"The American Patriot’s Bible" Review
As I sit here typing on Memorial Day, the relationship between patriotism and religion can’t help but surface in my mind. In a world plagued with religiously mandated murders and ‘holy wars’, religion and patriotism currently exist in an awkward partnership. I myself am increasingly leery anytime I see the flag wed with the Cross. Religion has often been warped in our modern era to support atrocious national agendas, while many churches have a flag in their sanctuary without a crucifix to be seen. With all this said, it is peculiarly interesting that I find myself reviewing “The American Patriot’s Bible” (Thomas Nelson, hardcover, 1,824 pages, $39.99), which was sent to me by the publisher, Thomas Nelson. Written in the New King James Translation (NKJV), it is not quite as old-English as the original King James translation, but the readability is still inferior to many other modern translations. Probably the best part of this Bible is it 48 full-color insert pages. These are filled with quotes and stories about how the Bible has been weaved throughout the history of America. It is truly fascinating to see the prominence that God had in the early development of our nation and how our country’s tenants were formed on the foundation of Scripture.

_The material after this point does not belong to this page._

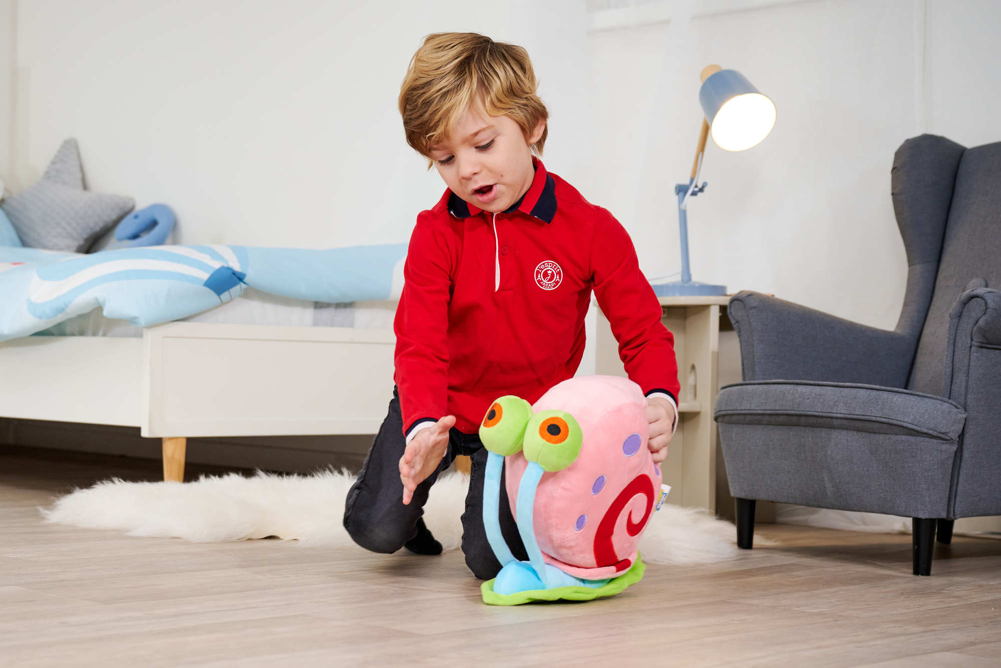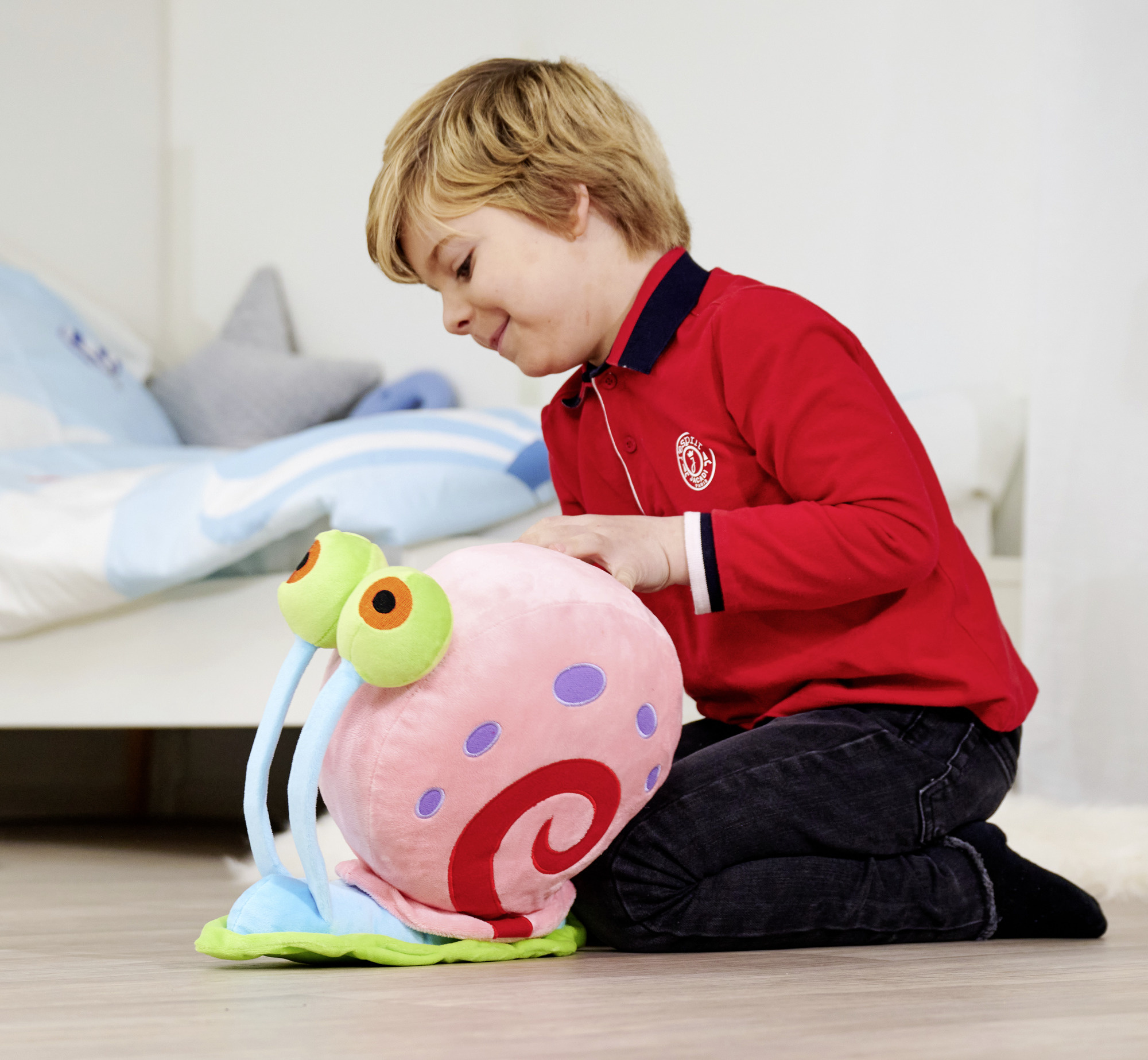 - Spongebob Maskotka Gacuś - pluszak kolorowy ślimak domowy 30 cm. Zabawka bez ograniczeń wiekowych.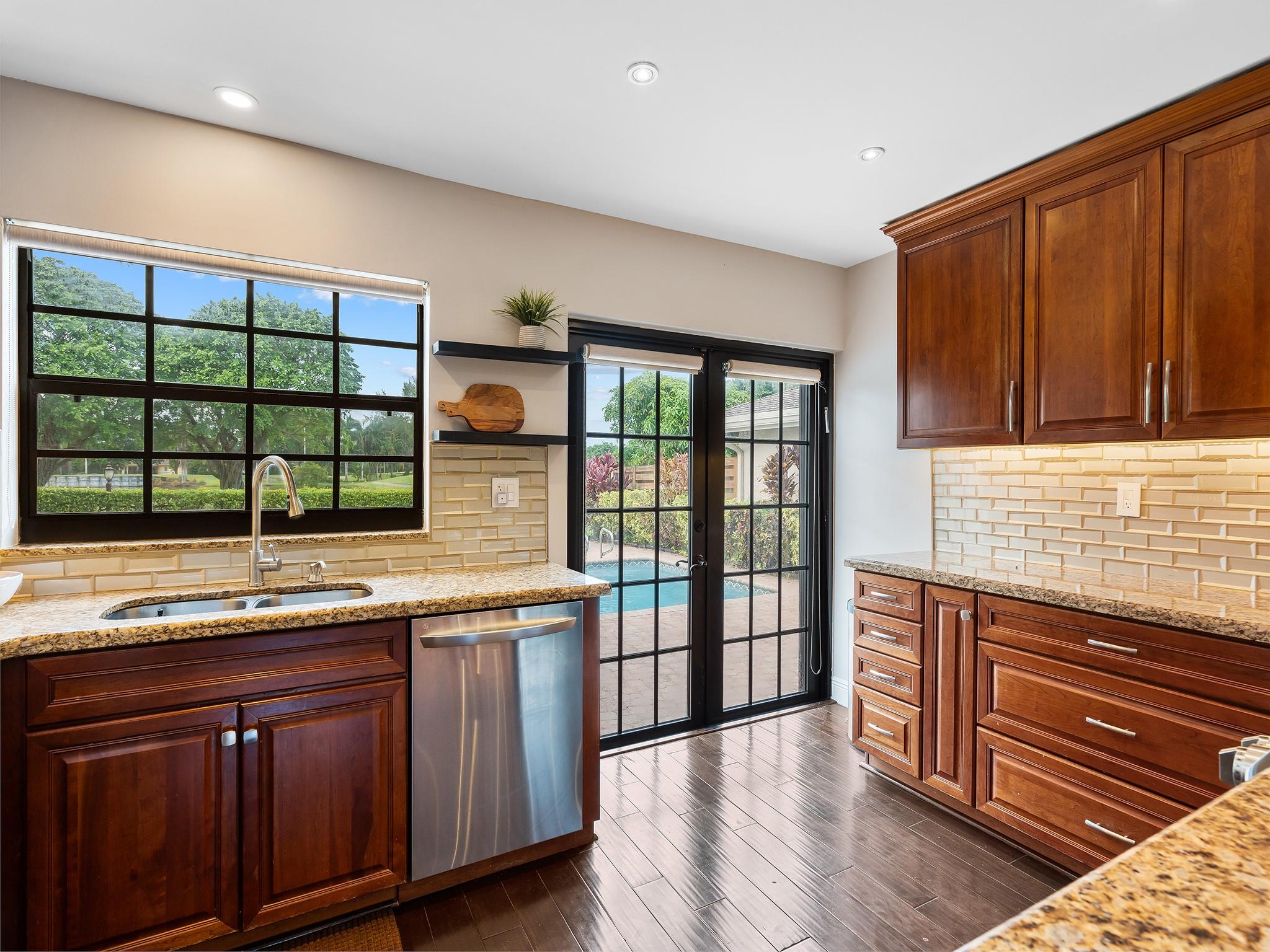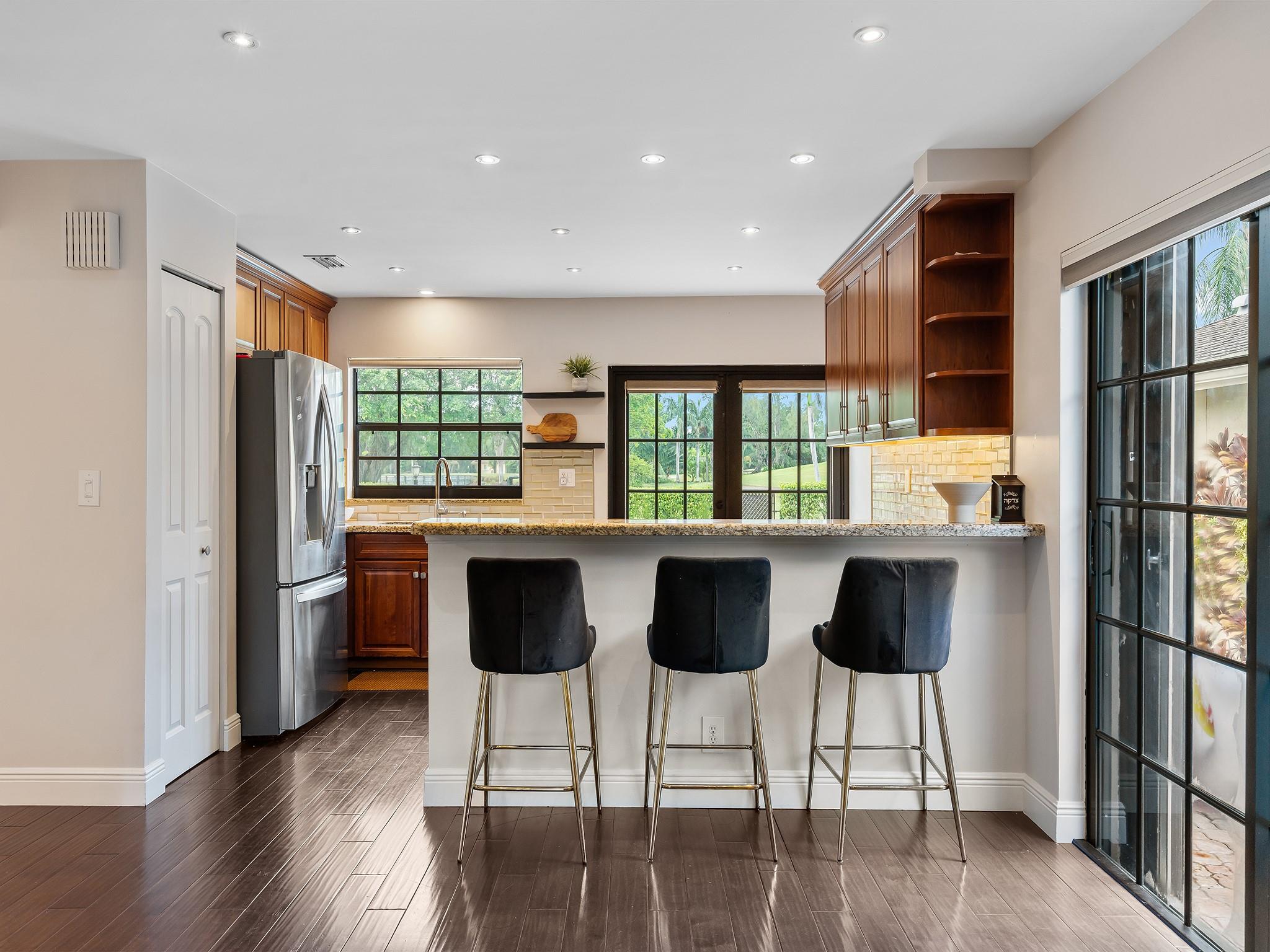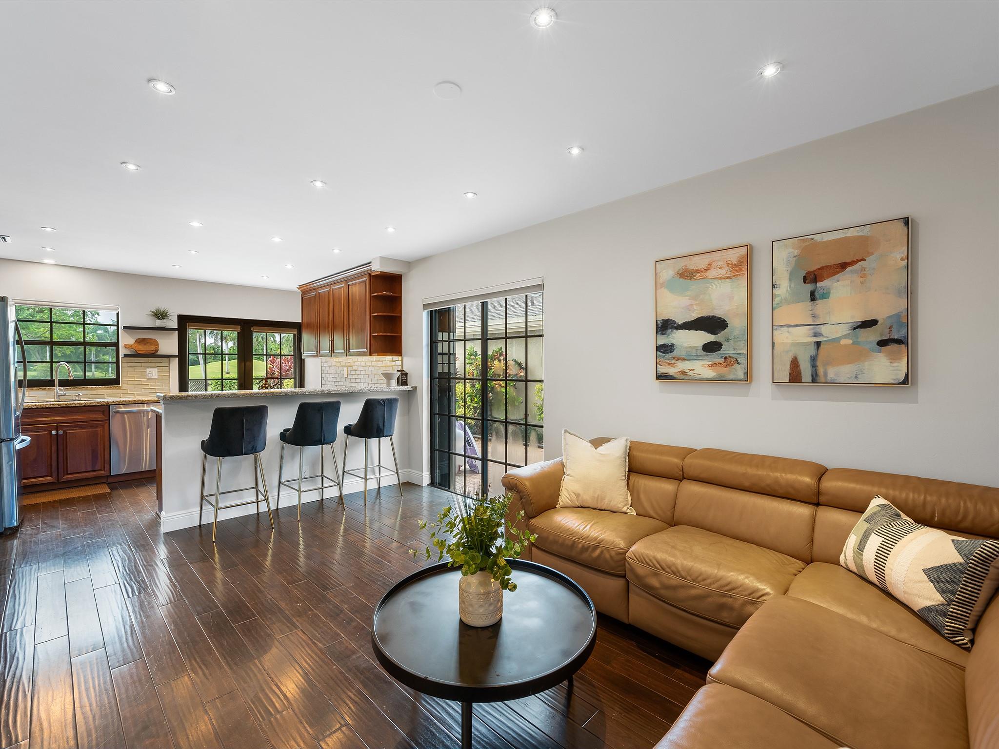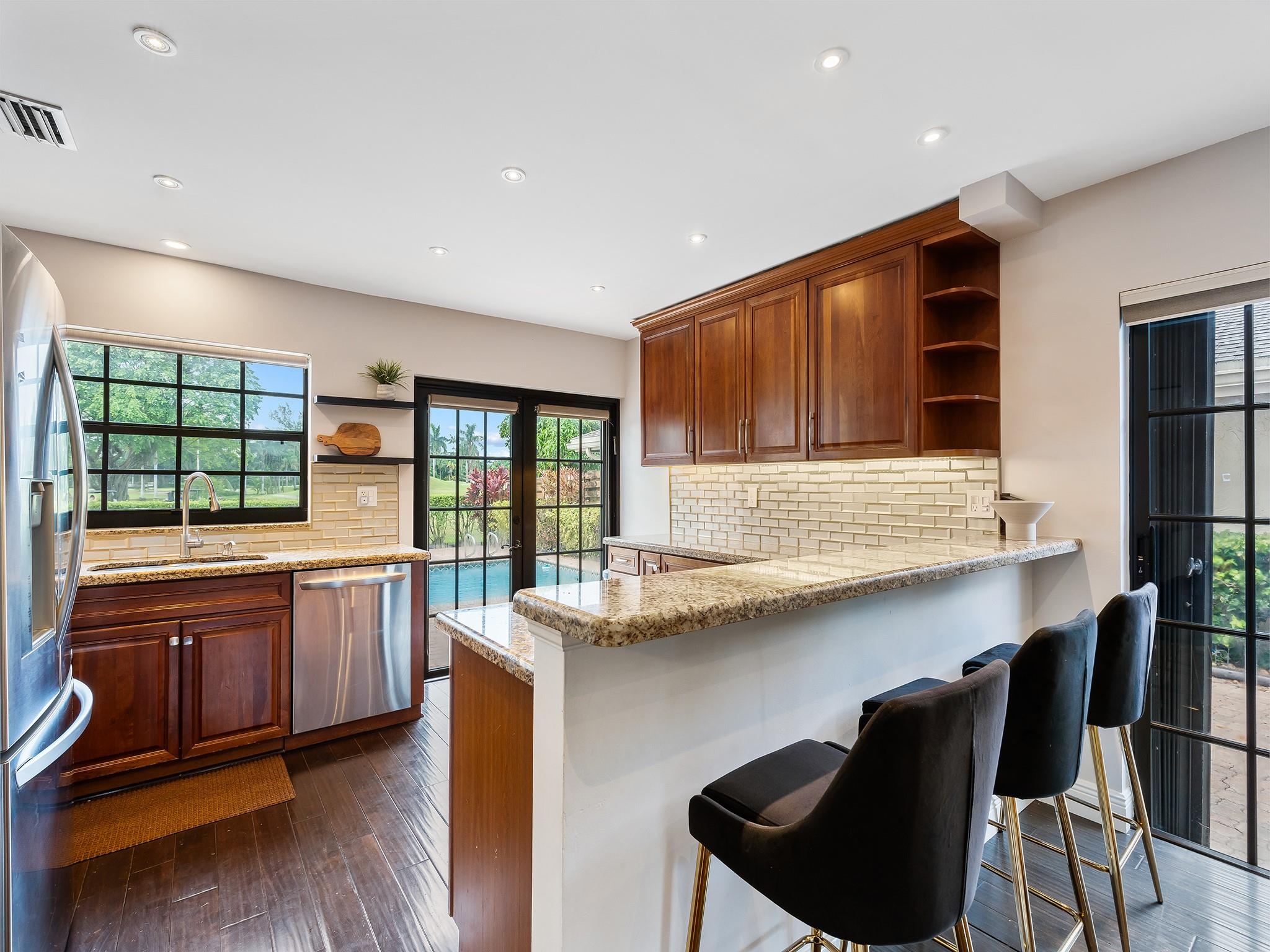 Highly desired modern pool home on the Golf course, 2-story, beautifully renovated & offers indoor-outdoor living. Bright & spacious with Dramatic volume ceilings & flagstone fireplace. The open floor plan allows for the kitchen to extend to the family room that leads to the outdoor area and formal dining room - ideal for entertaining! On the second floor, 3 Beds & 2.5 Baths & oversized loft. Spacious Main Bedroom with an ensuite Bathroom looks at the panoramic golf course and has a private balcony. High-end finishes and appliances, 2 car garage, and dedicated laundry area. Prime Location! Walking distance to Stores, Restaurants, and different Houses of Worship. HOA INCLUDES; EXTERIOR INSURANCE INCLUDING WIND COVERAGE, SECURITY GATES, CABLE/INTERNET, LANDSCAPING & EXTERIOR HOUSE PAINTING.

The rest of the Bible is sprinkled with quotes from many American statesmen with varied reputations. Some of these made me feel terribly uncomfortable, such as reading Dick Cheney give a quote on liberty for the story of Joseph in Genesis 37. Likewise, many articles likened the major wars America has fought in with Biblical conflicts. This made me feel somewhat tense and uneasy. Other stories and quotes, including ones from Abraham Lincoln and the Founding Fathers, gave me great hope that one day our country will go back to the roots of our faithful foundation. Overall, I probably wouldn’t recommend this Bible to any of my friends. The marriage of politics and faith has a tainted reputation in the modern world, so I think this specialty Bible will find itself especially unwelcome by many American readers. The stories and background information are very interesting, but I think there are much better Bibles that are untainted with nationalistic pride.